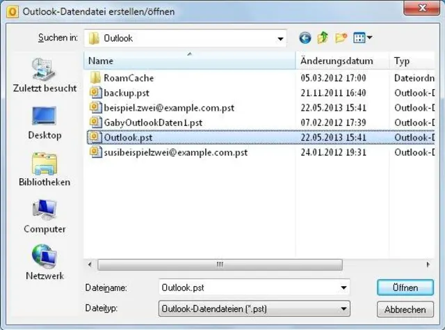 Outlook den Weg zur Outlook.pst weisen
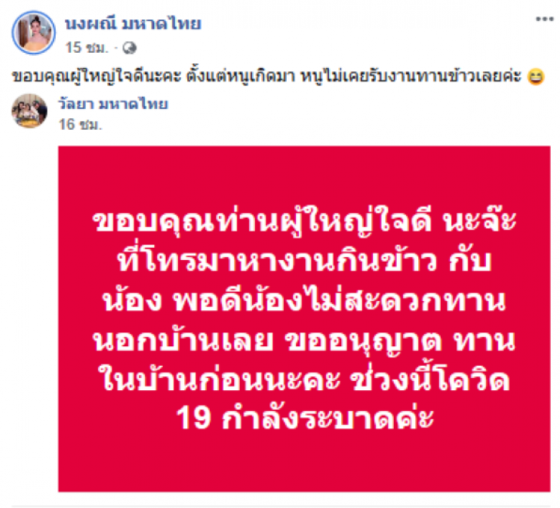 ล่าสุดสาวจ๊ะ โพสต์เฟซบุ๊กว่า มีผู้ใหญ่ใจดีติดต่อมาหางานกินข้าว แต่ทางผู้จัดการส่วนตัวของสาวจ๊ะ ได้บอกปฏิเสธว่าจ๊ะไม่สะดวกทานข้าวนอกบ้าน ขออนุญาตทานข้าวในบ้านก่อน ซึ่งสาวจ๊ะ ก็ได้บอกว่า ขอบคุณผู้ใหญ่ใจดีนะคะ ตั้งแต่หนูเกิดมา หนูไม่เคยรับงานทานข้าวเลยค่ะ
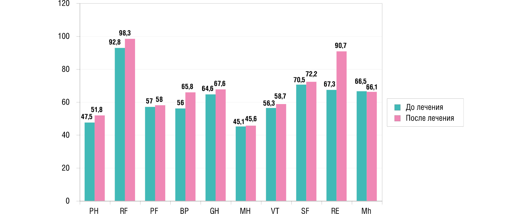 Исследование качества жизни проводилось при помощи опросника SF-36 (Medical Outcomes Study 36-Item Short Form Health Survey) до и после проведённого лечения. Результаты представлены в виде оценок в баллах по 8 шкалам, составленных таким образом, что более высокая оценка указывает на более высокий уровень качества жизни.
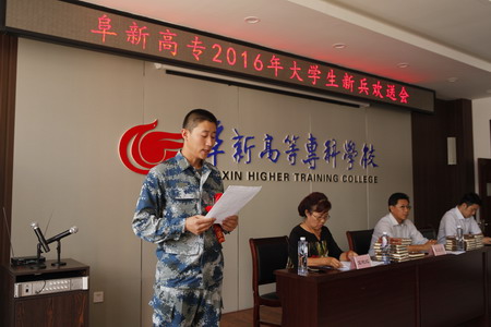 2016年9月7日下午,阜新高專2016年應(yīng)征入伍同學(xué)歡送會在公建系三樓會議舉行。主管學(xué)生工作的副校長、學(xué)校武裝部部長王立宏,校就業(yè)指導(dǎo)服務(wù)中心主任兼武裝部副部長寶艷紅、團(tuán)委書記兼武裝部副部長佟欣、各系部書記和輔導(dǎo)員、學(xué)校武裝部干事以及28名新入伍大學(xué)生參加了會議。會議由寶艷紅副部長主持。
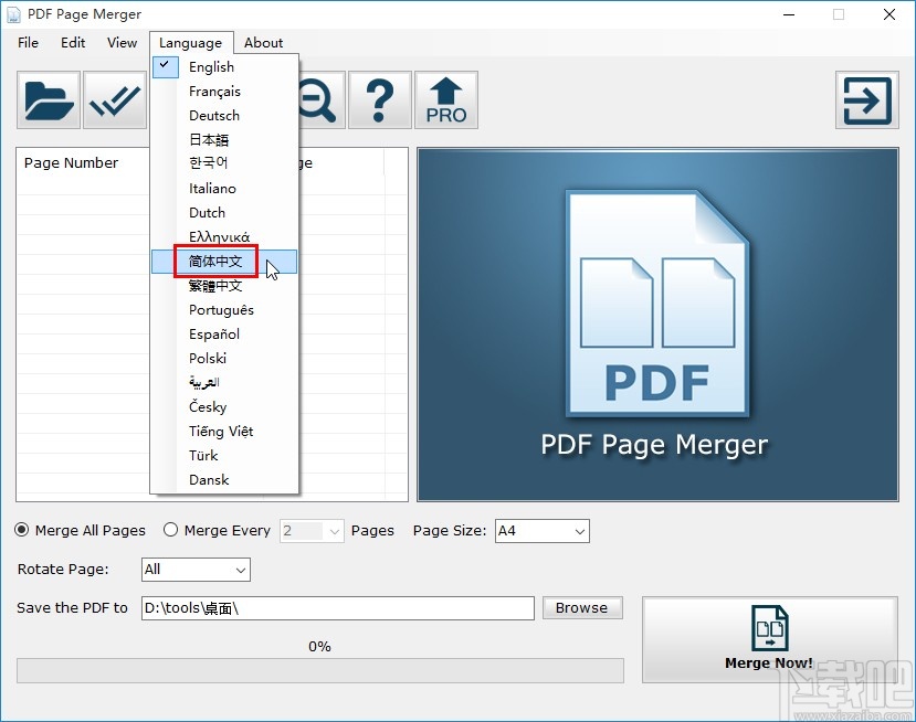 使用上述教程中的操作方法我们就可以在PDF页面合并器这款软件中设置中文了,有需要的朋友赶紧试一试这个方法,希望这篇方法教程能够帮助到大家。
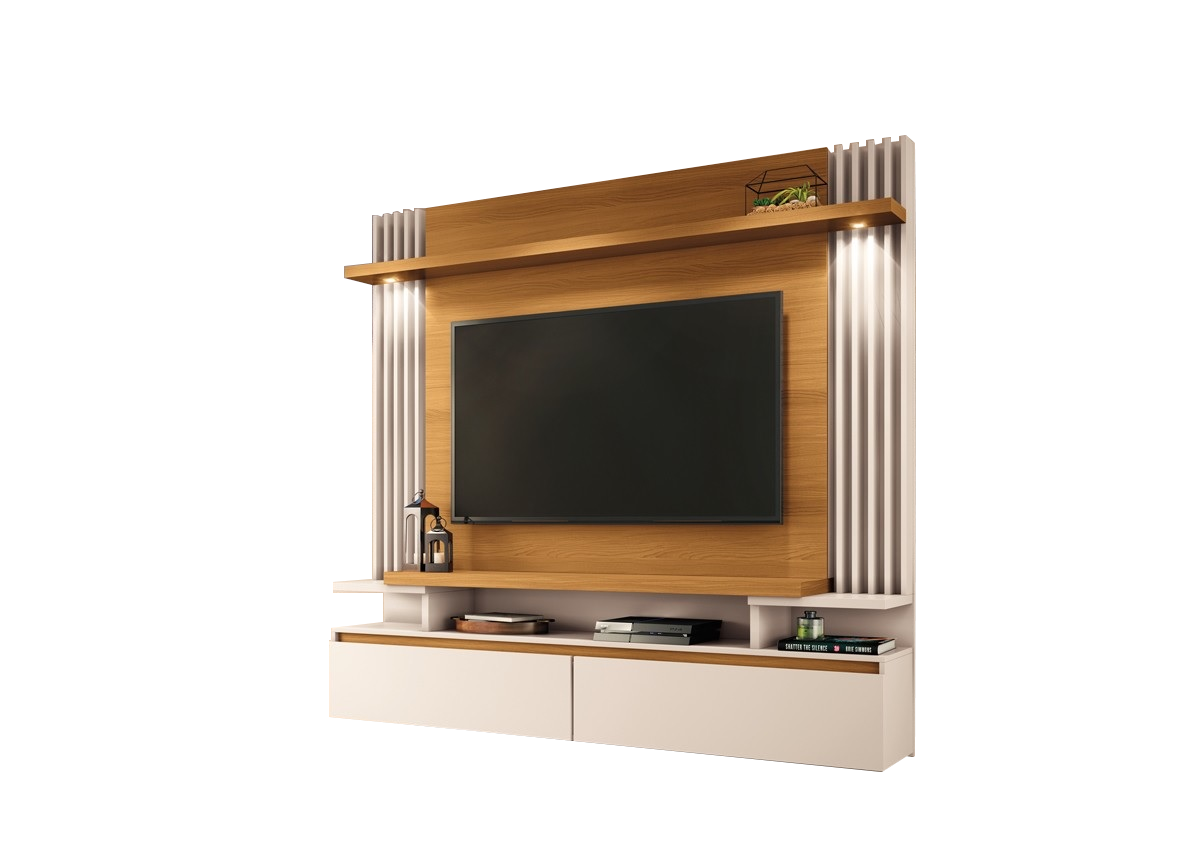 – Espaço para TV: 136 cm x 96,5 cm x 23 cm (LxAxP)
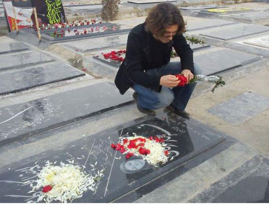 پرونده:آرش صادقی بر سر مزار مادرش.JPG
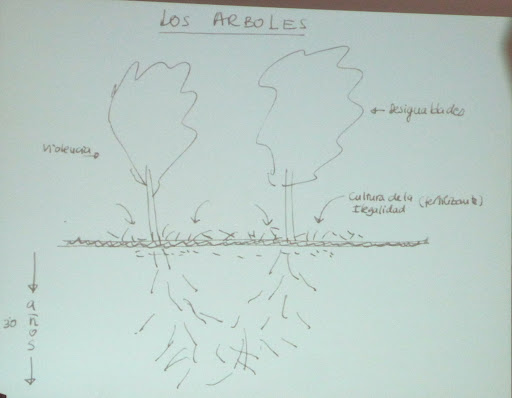 There are two trees: one tree represents violence, the other social inequity. The trees grow in well-fertilized soil: in a culture of illegality. The two trees have been growing close together, in such fertile soil, for so many years that their roots are completely intertwined. It is hard to distinguish, from the roots, where one tree begins and the other ends; they grow almost as if they were one tree.
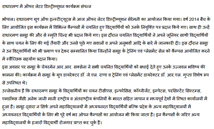 Details : Offer Letter Distribution Programe at Radharaman Group of Institutes,bhopal
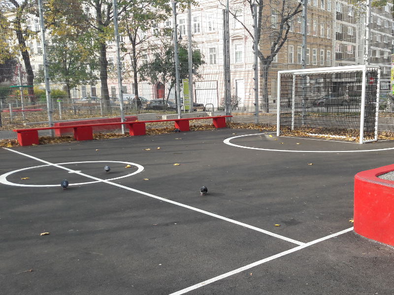 Außerdem gibt es noch Tischtennistische, einen Basketballkäfig und einen Fußballkäfig mit Toren sowie viele Sitzmöglichkeiten rund um die Käfige.
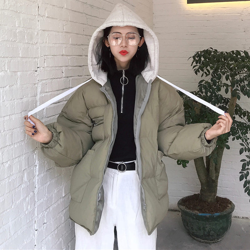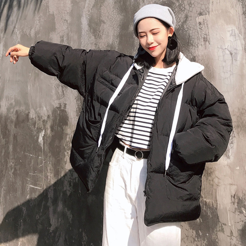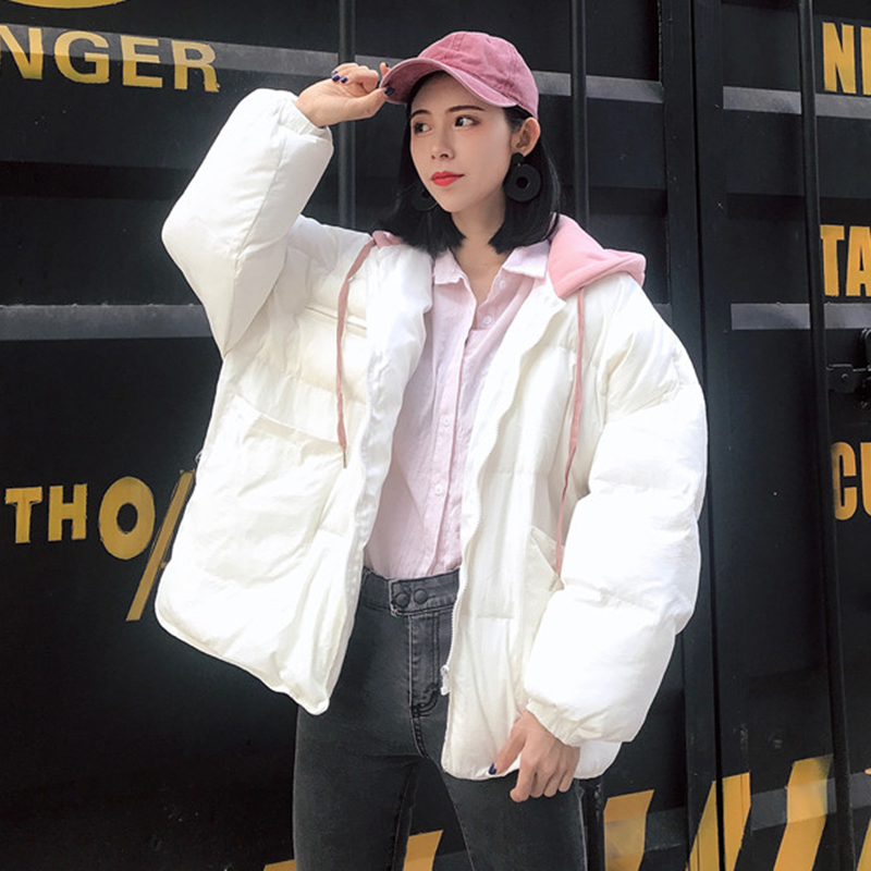 寬松加厚棉襖女2018冬裝新款學生時尚白色面包服休閑連帽棉衣外套

■ ■ ■ ■ ■ ■ ■

Write out, exactly and with nothing added, every line from the one that holds "23 cm (LxAxP)" to the end of the entries above; pictures stay out.

Answer area
 – Espaço para TV: 136 cm x 96,5 cm x 23 cm (LxAxP)
 پرونده:آرش صادقی بر سر مزار مادرش.JPG
 There are two trees: one tree represents violence, the other social inequity. The trees grow in well-fertilized soil: in a culture of illegality. The two trees have been growing close together, in such fertile soil, for so many years that their roots are completely intertwined. It is hard to distinguish, from the roots, where one tree begins and the other ends; they grow almost as if they were one tree.
 Details : Offer Letter Distribution Programe at Radharaman Group of Institutes,bhopal
 Außerdem gibt es noch Tischtennistische, einen Basketballkäfig und einen Fußballkäfig mit Toren sowie viele Sitzmöglichkeiten rund um die Käfige.
 寬松加厚棉襖女2018冬裝新款學生時尚白色面包服休閑連帽棉衣外套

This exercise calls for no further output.